● Work instructions: Beneath this task are records; print exactly the stretch of them from the line with "今年のセンターまつりは「ナナ" through the line with "カニカマで作るチャーハンのご", both ends included.

● Supplied data:
* * *
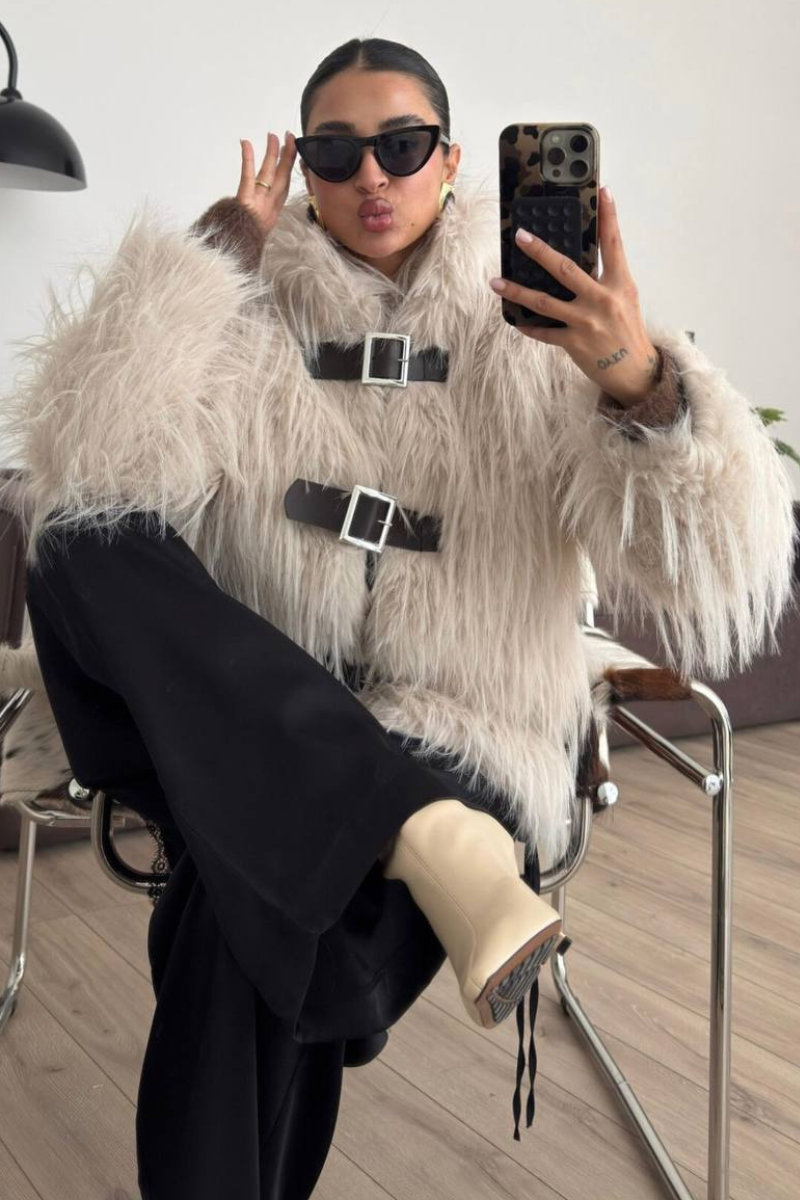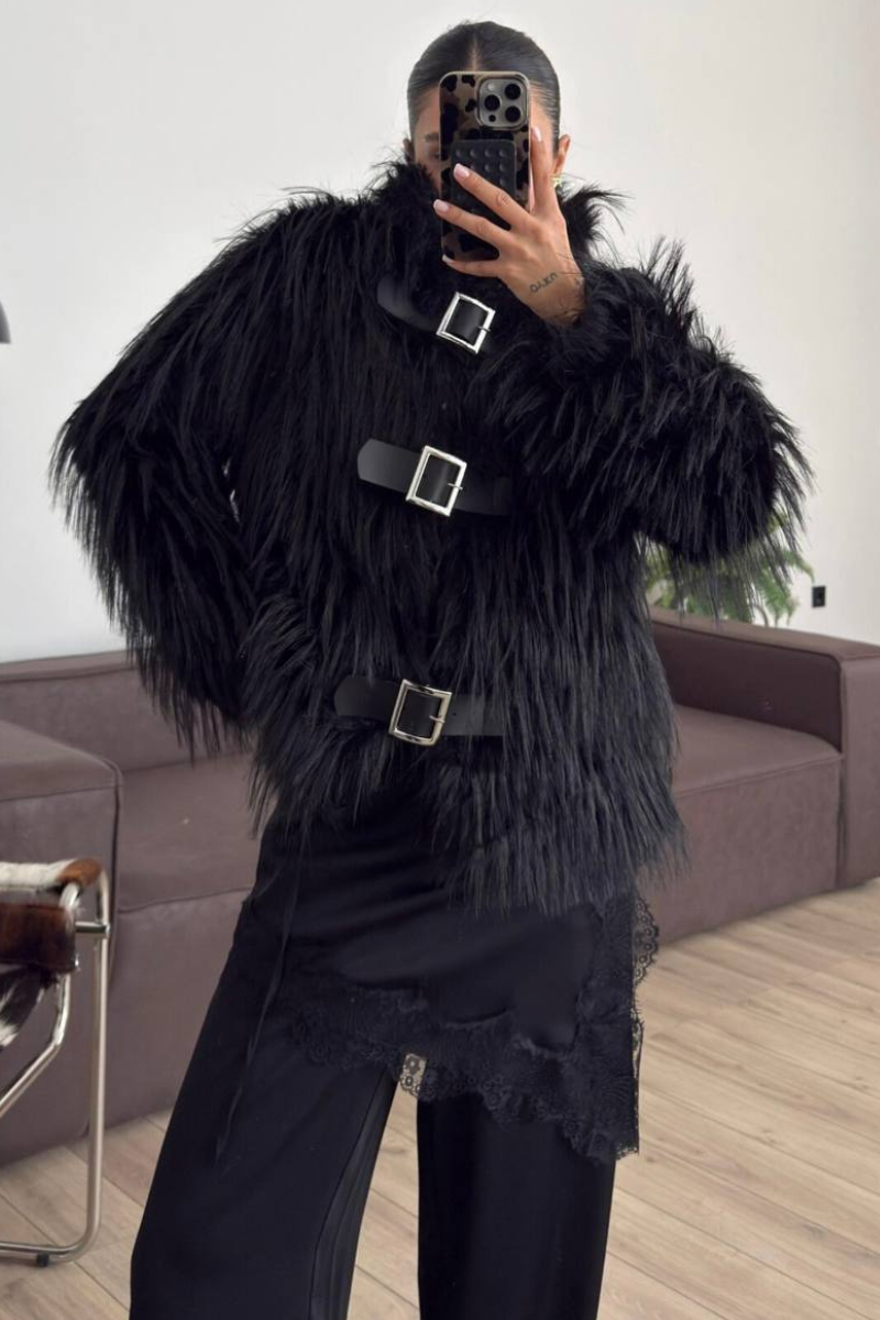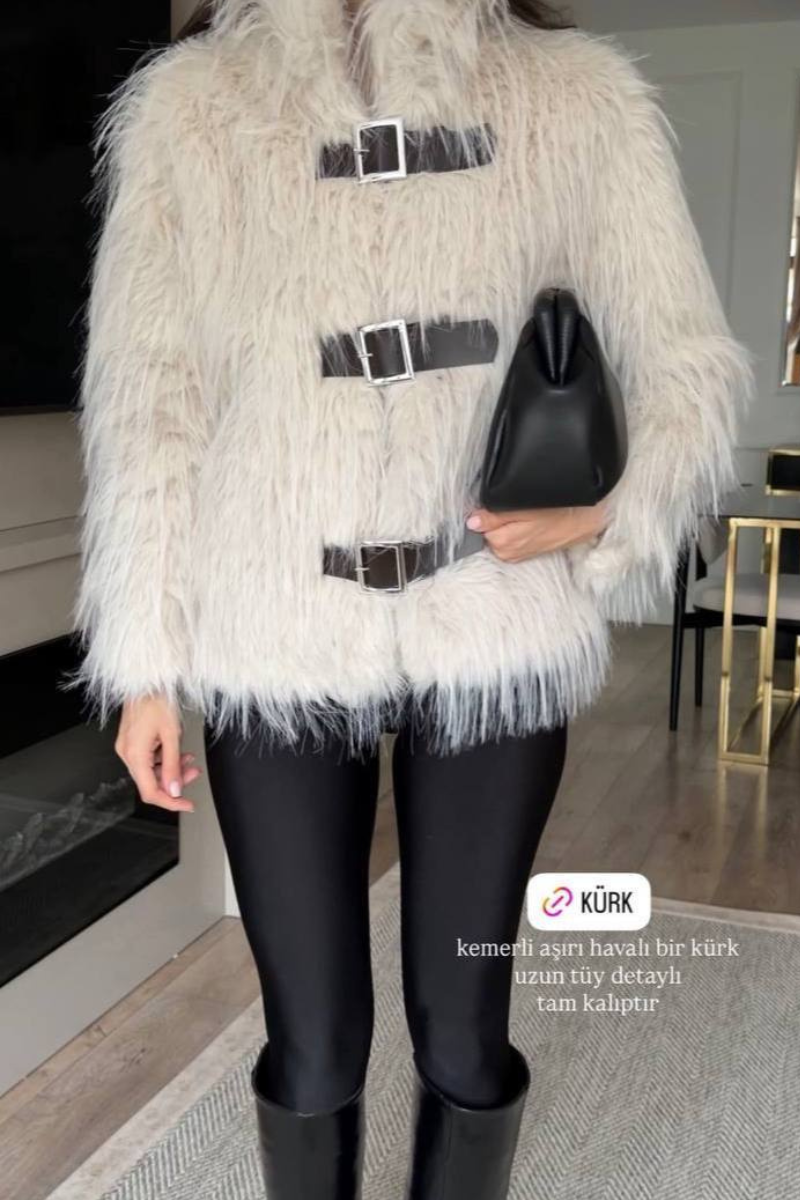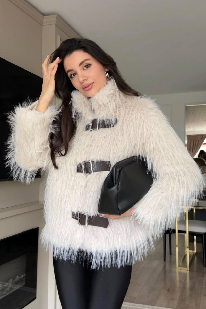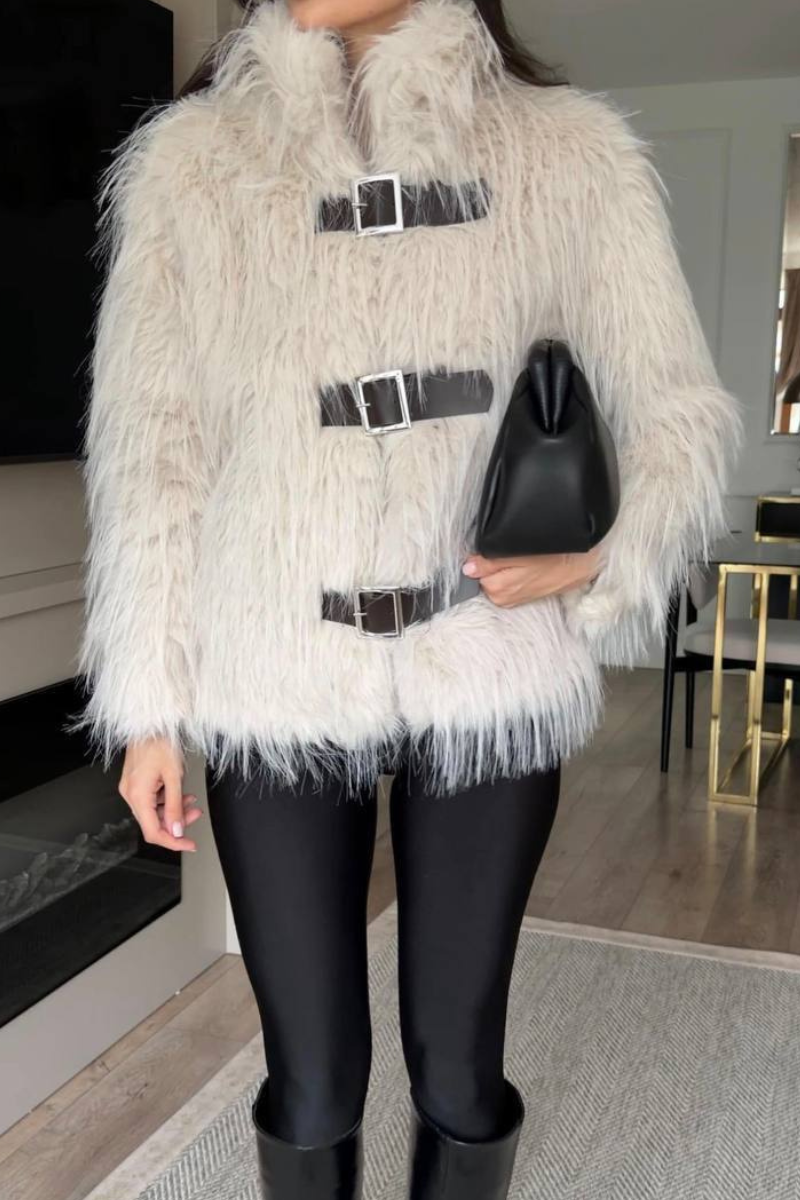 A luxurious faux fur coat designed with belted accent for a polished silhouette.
* * *
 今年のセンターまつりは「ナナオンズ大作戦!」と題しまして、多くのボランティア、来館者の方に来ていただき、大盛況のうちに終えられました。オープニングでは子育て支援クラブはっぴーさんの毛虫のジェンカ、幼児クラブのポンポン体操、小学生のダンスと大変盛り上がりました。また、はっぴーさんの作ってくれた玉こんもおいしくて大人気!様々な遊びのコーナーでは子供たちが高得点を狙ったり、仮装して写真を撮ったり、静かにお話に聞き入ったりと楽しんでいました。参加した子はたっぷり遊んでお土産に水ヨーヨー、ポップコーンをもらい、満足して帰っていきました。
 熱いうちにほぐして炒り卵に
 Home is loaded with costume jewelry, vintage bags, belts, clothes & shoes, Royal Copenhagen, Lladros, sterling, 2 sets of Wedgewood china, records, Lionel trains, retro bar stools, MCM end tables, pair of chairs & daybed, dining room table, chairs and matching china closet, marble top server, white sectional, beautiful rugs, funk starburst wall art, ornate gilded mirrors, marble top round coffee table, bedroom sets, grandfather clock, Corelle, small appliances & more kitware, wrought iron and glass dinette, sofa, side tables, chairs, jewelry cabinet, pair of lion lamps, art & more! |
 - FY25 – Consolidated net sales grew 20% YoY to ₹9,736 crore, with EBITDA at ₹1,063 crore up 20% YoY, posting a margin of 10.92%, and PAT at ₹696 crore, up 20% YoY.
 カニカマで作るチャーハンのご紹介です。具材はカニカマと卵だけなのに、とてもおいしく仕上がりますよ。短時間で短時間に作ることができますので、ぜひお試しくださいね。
* * *
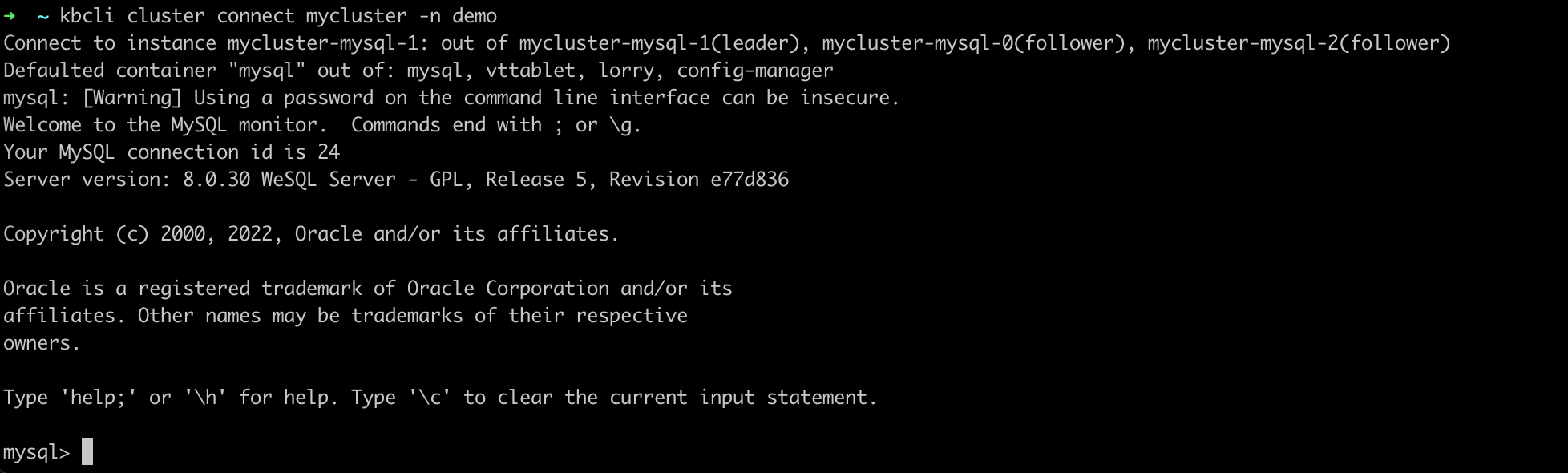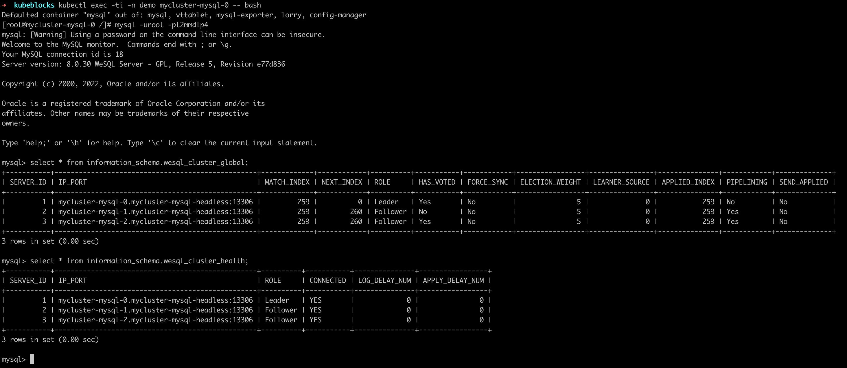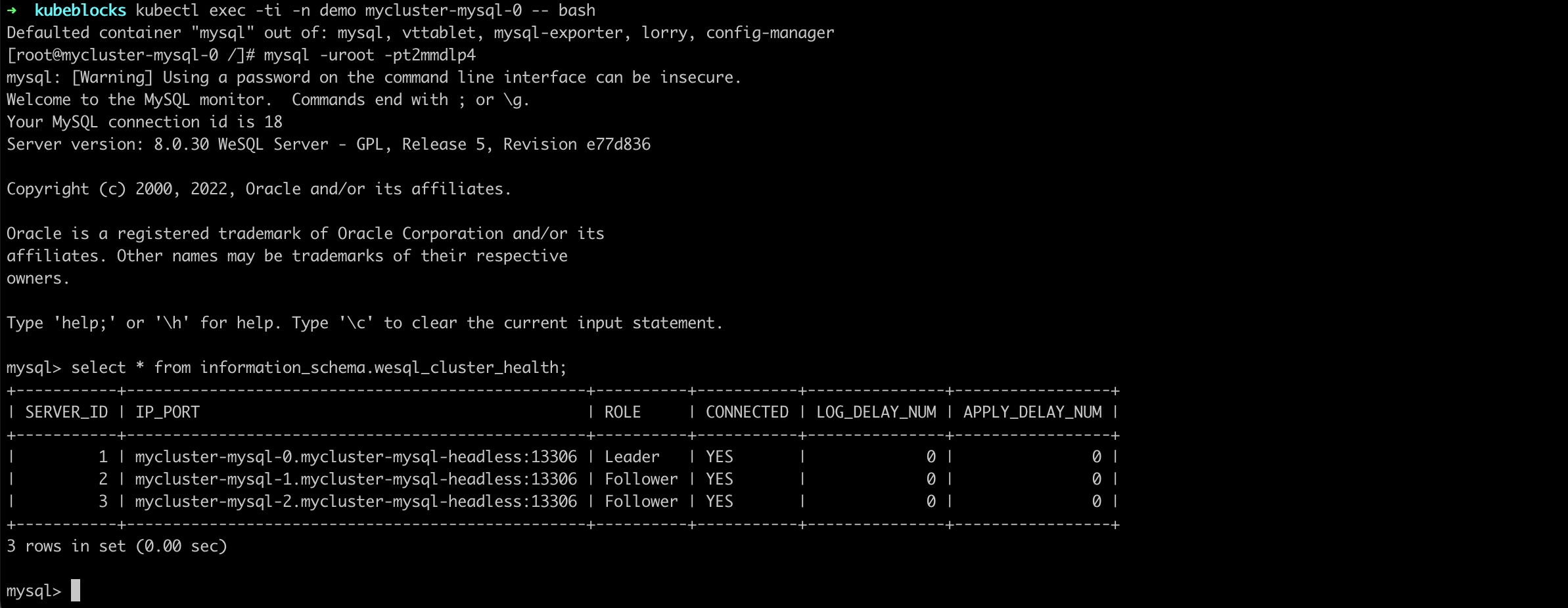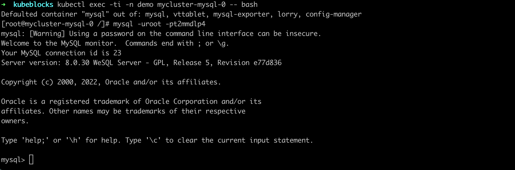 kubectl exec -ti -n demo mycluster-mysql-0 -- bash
* * *
● Exercise solution:
 今年のセンターまつりは「ナナオンズ大作戦!」と題しまして、多くのボランティア、来館者の方に来ていただき、大盛況のうちに終えられました。オープニングでは子育て支援クラブはっぴーさんの毛虫のジェンカ、幼児クラブのポンポン体操、小学生のダンスと大変盛り上がりました。また、はっぴーさんの作ってくれた玉こんもおいしくて大人気!様々な遊びのコーナーでは子供たちが高得点を狙ったり、仮装して写真を撮ったり、静かにお話に聞き入ったりと楽しんでいました。参加した子はたっぷり遊んでお土産に水ヨーヨー、ポップコーンをもらい、満足して帰っていきました。
 熱いうちにほぐして炒り卵に
 Home is loaded with costume jewelry, vintage bags, belts, clothes & shoes, Royal Copenhagen, Lladros, sterling, 2 sets of Wedgewood china, records, Lionel trains, retro bar stools, MCM end tables, pair of chairs & daybed, dining room table, chairs and matching china closet, marble top server, white sectional, beautiful rugs, funk starburst wall art, ornate gilded mirrors, marble top round coffee table, bedroom sets, grandfather clock, Corelle, small appliances & more kitware, wrought iron and glass dinette, sofa, side tables, chairs, jewelry cabinet, pair of lion lamps, art & more! |
 - FY25 – Consolidated net sales grew 20% YoY to ₹9,736 crore, with EBITDA at ₹1,063 crore up 20% YoY, posting a margin of 10.92%, and PAT at ₹696 crore, up 20% YoY.
 カニカマで作るチャーハンのご紹介です。具材はカニカマと卵だけなのに、とてもおいしく仕上がりますよ。短時間で短時間に作ることができますので、ぜひお試しくださいね。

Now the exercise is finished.